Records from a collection
━━━━━━━━
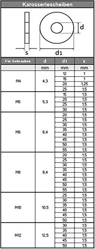 Karosseriescheiben sind aka unter dem Namen Kotflügelscheiben bekannt. Sie werden hauptsächlich bei Schraubverbindungen im Fahrzeugbau verwendet. Die Kotflügelscheibe wird unter dem Schraubenkopf bzw. der Mutter platziert und verteilt so die einwirkende Kraft auf eine größere Fläche. Durch diese Kraftverteilung werden Schäden vermieden und das Material nicht eingedrückt. Wegen dem großen Außendurchmesser eignen sich Karosseriescheiben hervorragend, um Gummiteile und Zugbänder leistungsfähig zu katalysieren. Zusätzlich können sie als Blechverstärkung an Verschraubungsstellen, wie an Schutzblechen oder Kotflügeln rödeln.
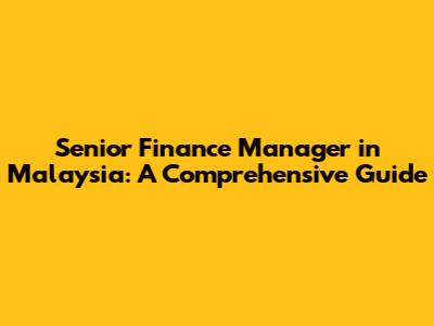 Senior Finance Manager In Malaysia: A Comprehensive Guide
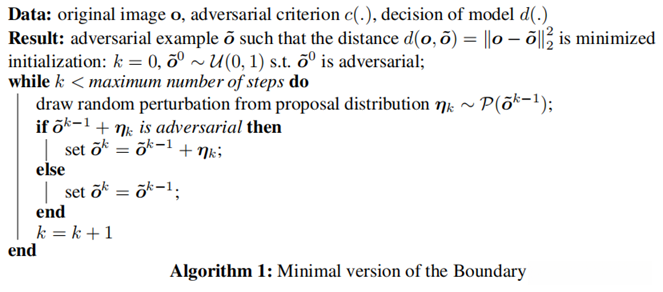 我们还提出了该类别中首个可应用于通用机器学习算法并可处理复杂自然数据集的有效攻击:边界攻击(Boundary Attack)。其核心采用了基于拒绝采样算法结合简单的提议分布及受信任区域方法 的动态步长调节机制以引导对抗样本遵循决策边界。该方案的基本操作逻辑是从较大的初始扰动值开始逐步减小其幅值直至反转以往所有对抗攻击所遵循的行为模式。值得注意的是尽管其展现出惊人的简单性但在满足一定抗干扰标准的前提下其实现效果与基于梯度的传统计算机视觉任务相当接近
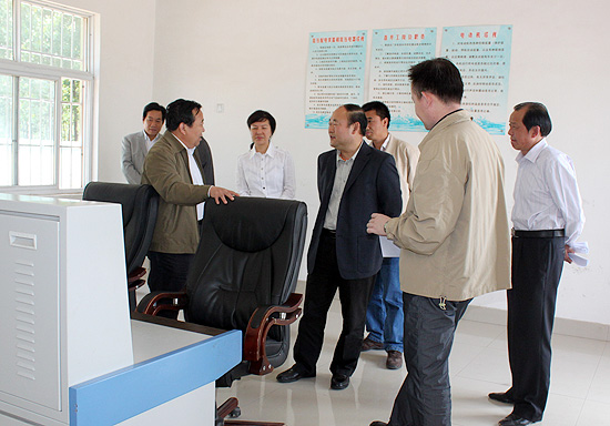 在九龙镇供水站,周主任仔细查看了供水站基础设施,详细询问了供水站建设情况、供水情况和周边村民的用水安全情况,听取了中牟县供水站建设及搬迁情况汇报。九龙镇供水站是中牟县农村饮用水安全工程2009年第三批扩大内需中央预算内投资项目。工程位于九龙镇八里湾村,占地9.96亩,设计供水规模为日供水5000吨,水源为地下水,主要解决供水站周边8个行政村,13个自然村和九龙镇企事业单位共1.5万余人安全饮用水问题。工程2009年开工建设,2010年1月10日竣工,2010年2月投入使用,工程总投资633.98万元。
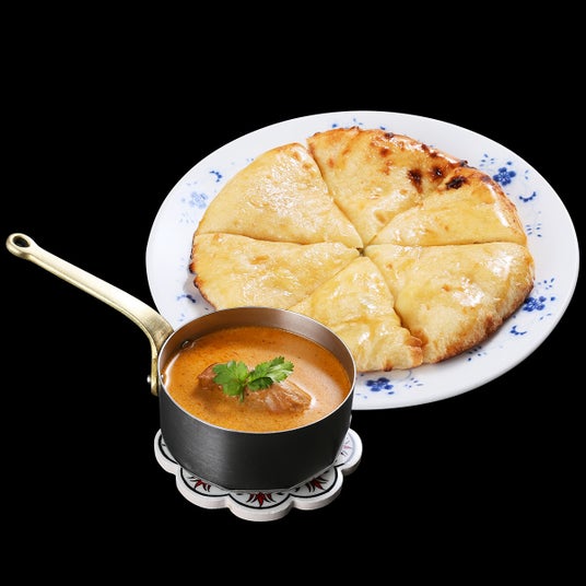 スパイスやバターの優しい香りが食欲をそそる、本格バターチキンカレー。⾟さ控えめでクリーミーな本格バターチキンカレーと、たっぷりのチーズをもちもちのナンで包んだチーズナン。タンドール釜で焼き上げられたタンドリーチキンと、シタールではお馴染みの野生⿊蜂蜜も付属したフルセットをご自宅でご堪能あれ。
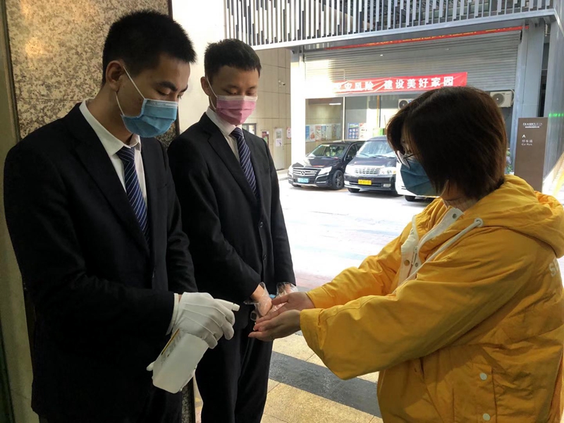值班保安對每個進入進入小區(qū)的人進行體溫測量和消毒
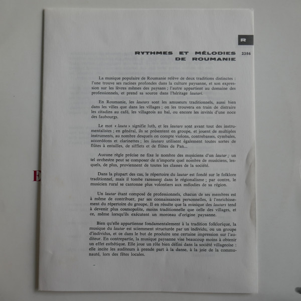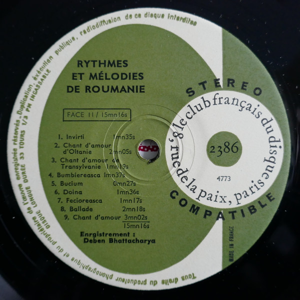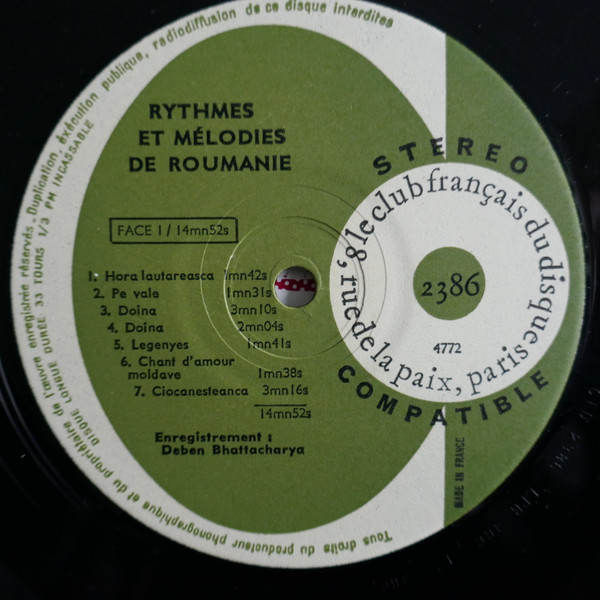 Deben Bhattacharya / Unknown Artist – Rythmes Et Mélodies De Roumanie (10″)
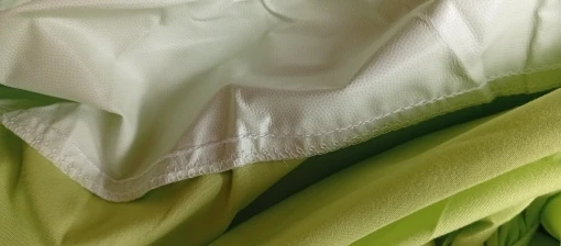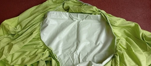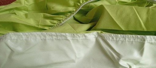 Mattress cover. Waterproof version. And I think that's indeed the case because the upper part is covered with something made of synthetic material from below. It should not leak fluids. On the other hand, I'm afraid that this layer will prevent air from passing through, so it will heat from the bottom. We'll see in practice. At the moment, I can only say that the color of the front and the color of the sides are slightly different. It's supposed to be the same, but the shade is different. However, it is not noticeable.
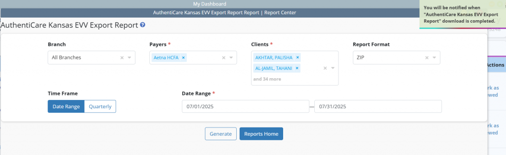 Axxess Home Care now enables users in Kansas to download and upload captured EVV data to the AuthentiCare portal using the AuthentiCare EVV Kansas Export Report, ensuring accurate EVV reporting and compliance.
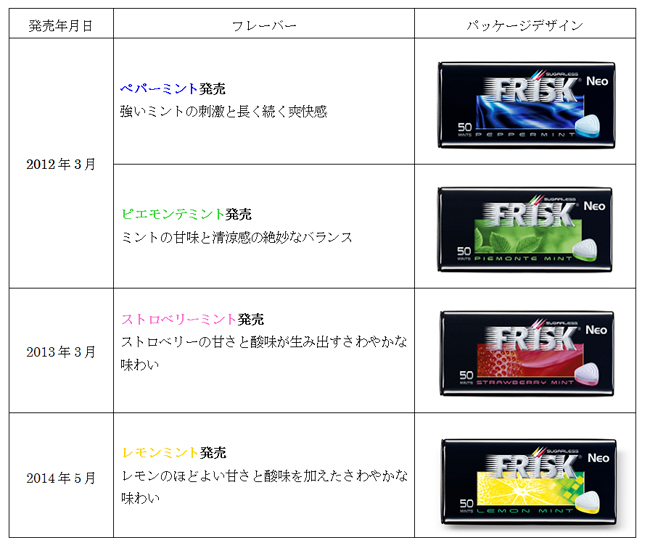 【参考資料(2):現在発売中のフリスクNEO一覧】
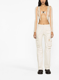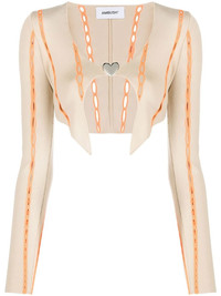 contrast-trim cropped cardigan AMBUSH's SS23 collection is inspired by Tokyo's club culture and rave scene, echoed in the energised silhouette of this cropped cardigan. Crafted with orange openwork knit detailing, it's secured with a silver-tone heart buckle that emphasises the joyous mood. Made in Italy Composition Viscose 71%, Polyester 24%, Polyamide 5% SIZE & FIT Model measurements Height 5 ft 10 in(1.78 m) Bust/Chest 31.49 in(80 cm) Hips 35.03 in(89 cm) Waist 23.62 in(60 cm) FittingInformation This piece fits true to size. We recommend you get your regular size Cut for a close fit Made with a mid-weight fabric
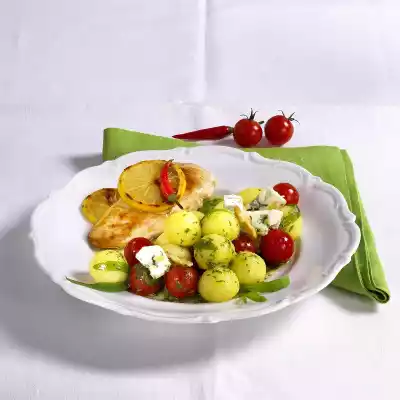 Wash the potatoes and cook for 15-20 minutes in boiling water. Then rinse with cold water, peel and leave to rest. Clean and wash the tomatoes. Cut cheese into small pieces. Wash herbs, chop roughly.
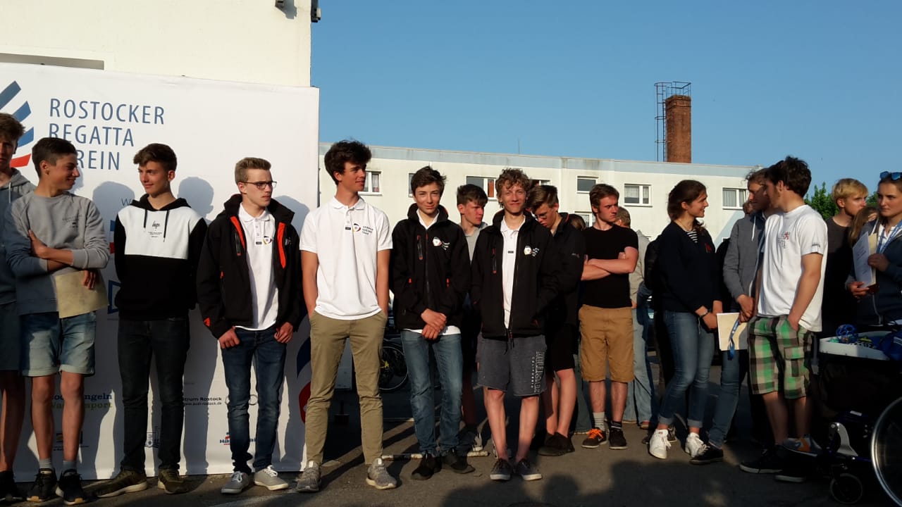 Am Dienstag nach der Schule sind wir vom LLZ aus nach Warnemünde gefahren, damit am Mittwoch die Boote vermessen werden konnten. Himmelfahrt war der erste Tag der Regatta. Es waren max. 10 Wettfahrten bis Samstag vorgesehen und der Sonntag sollte Ersatztag sein, falls bis Samstag nur acht Wettfahrten gesegelt werden konnten. Es gab Wind... allerdings nicht sehr viel. Am Donnerstag noch mit Windstärke 3-4 bft um die Tonnen gesegelt, musste Freitag bei 2 bft nach drei Wettfahrten aufgehört werden. Ein Glück waren es Samstag dann wieder 3-4 bft und so konnten die erforderlichen 10 Wettfahrten stattfinden. Folgende Ergebnisse haben wir dabei erzielt: 3, 16, 6, 11, 10, 19, (BFD), 5,15 und 13. Reichte das für unser Ziel unter die ersten 10 Plätze zu kommen? Noch viel wichtiger, reichte das auch für die Qualifikation zur JEM, oder waren andere doch schneller? Denn es gibt nur für 7 Teams Open/Damen und 3 Teams U17 Open/Damen Startplätze. Derzeit auf Platz 15 der Qualifikationsrangliste, wussten wir auch nicht genau, wer fährt nur zur WM und macht uns dadurch evtl. einen U17 Startplatz frei? Nun zur Erklärung der Qualifikation:
━━━━━━━━
AIM OF THE TASK: Each line of the records is to be reproduced exactly, and each picture dropped.

ANSWER TO THE PROBLEM:
 Karosseriescheiben sind aka unter dem Namen Kotflügelscheiben bekannt. Sie werden hauptsächlich bei Schraubverbindungen im Fahrzeugbau verwendet. Die Kotflügelscheibe wird unter dem Schraubenkopf bzw. der Mutter platziert und verteilt so die einwirkende Kraft auf eine größere Fläche. Durch diese Kraftverteilung werden Schäden vermieden und das Material nicht eingedrückt. Wegen dem großen Außendurchmesser eignen sich Karosseriescheiben hervorragend, um Gummiteile und Zugbänder leistungsfähig zu katalysieren. Zusätzlich können sie als Blechverstärkung an Verschraubungsstellen, wie an Schutzblechen oder Kotflügeln rödeln.
 Senior Finance Manager In Malaysia: A Comprehensive Guide
 我们还提出了该类别中首个可应用于通用机器学习算法并可处理复杂自然数据集的有效攻击:边界攻击(Boundary Attack)。其核心采用了基于拒绝采样算法结合简单的提议分布及受信任区域方法 的动态步长调节机制以引导对抗样本遵循决策边界。该方案的基本操作逻辑是从较大的初始扰动值开始逐步减小其幅值直至反转以往所有对抗攻击所遵循的行为模式。值得注意的是尽管其展现出惊人的简单性但在满足一定抗干扰标准的前提下其实现效果与基于梯度的传统计算机视觉任务相当接近
 在九龙镇供水站,周主任仔细查看了供水站基础设施,详细询问了供水站建设情况、供水情况和周边村民的用水安全情况,听取了中牟县供水站建设及搬迁情况汇报。九龙镇供水站是中牟县农村饮用水安全工程2009年第三批扩大内需中央预算内投资项目。工程位于九龙镇八里湾村,占地9.96亩,设计供水规模为日供水5000吨,水源为地下水,主要解决供水站周边8个行政村,13个自然村和九龙镇企事业单位共1.5万余人安全饮用水问题。工程2009年开工建设,2010年1月10日竣工,2010年2月投入使用,工程总投资633.98万元。
 スパイスやバターの優しい香りが食欲をそそる、本格バターチキンカレー。⾟さ控えめでクリーミーな本格バターチキンカレーと、たっぷりのチーズをもちもちのナンで包んだチーズナン。タンドール釜で焼き上げられたタンドリーチキンと、シタールではお馴染みの野生⿊蜂蜜も付属したフルセットをご自宅でご堪能あれ。
值班保安對每個進入進入小區(qū)的人進行體溫測量和消毒
 Deben Bhattacharya / Unknown Artist – Rythmes Et Mélodies De Roumanie (10″)
 Mattress cover. Waterproof version. And I think that's indeed the case because the upper part is covered with something made of synthetic material from below. It should not leak fluids. On the other hand, I'm afraid that this layer will prevent air from passing through, so it will heat from the bottom. We'll see in practice. At the moment, I can only say that the color of the front and the color of the sides are slightly different. It's supposed to be the same, but the shade is different. However, it is not noticeable.
 Axxess Home Care now enables users in Kansas to download and upload captured EVV data to the AuthentiCare portal using the AuthentiCare EVV Kansas Export Report, ensuring accurate EVV reporting and compliance.
 【参考資料(2):現在発売中のフリスクNEO一覧】
 contrast-trim cropped cardigan AMBUSH's SS23 collection is inspired by Tokyo's club culture and rave scene, echoed in the energised silhouette of this cropped cardigan. Crafted with orange openwork knit detailing, it's secured with a silver-tone heart buckle that emphasises the joyous mood. Made in Italy Composition Viscose 71%, Polyester 24%, Polyamide 5% SIZE & FIT Model measurements Height 5 ft 10 in(1.78 m) Bust/Chest 31.49 in(80 cm) Hips 35.03 in(89 cm) Waist 23.62 in(60 cm) FittingInformation This piece fits true to size. We recommend you get your regular size Cut for a close fit Made with a mid-weight fabric
 Wash the potatoes and cook for 15-20 minutes in boiling water. Then rinse with cold water, peel and leave to rest. Clean and wash the tomatoes. Cut cheese into small pieces. Wash herbs, chop roughly.
 Am Dienstag nach der Schule sind wir vom LLZ aus nach Warnemünde gefahren, damit am Mittwoch die Boote vermessen werden konnten. Himmelfahrt war der erste Tag der Regatta. Es waren max. 10 Wettfahrten bis Samstag vorgesehen und der Sonntag sollte Ersatztag sein, falls bis Samstag nur acht Wettfahrten gesegelt werden konnten. Es gab Wind... allerdings nicht sehr viel. Am Donnerstag noch mit Windstärke 3-4 bft um die Tonnen gesegelt, musste Freitag bei 2 bft nach drei Wettfahrten aufgehört werden. Ein Glück waren es Samstag dann wieder 3-4 bft und so konnten die erforderlichen 10 Wettfahrten stattfinden. Folgende Ergebnisse haben wir dabei erzielt: 3, 16, 6, 11, 10, 19, (BFD), 5,15 und 13. Reichte das für unser Ziel unter die ersten 10 Plätze zu kommen? Noch viel wichtiger, reichte das auch für die Qualifikation zur JEM, oder waren andere doch schneller? Denn es gibt nur für 7 Teams Open/Damen und 3 Teams U17 Open/Damen Startplätze. Derzeit auf Platz 15 der Qualifikationsrangliste, wussten wir auch nicht genau, wer fährt nur zur WM und macht uns dadurch evtl. einen U17 Startplatz frei? Nun zur Erklärung der Qualifikation:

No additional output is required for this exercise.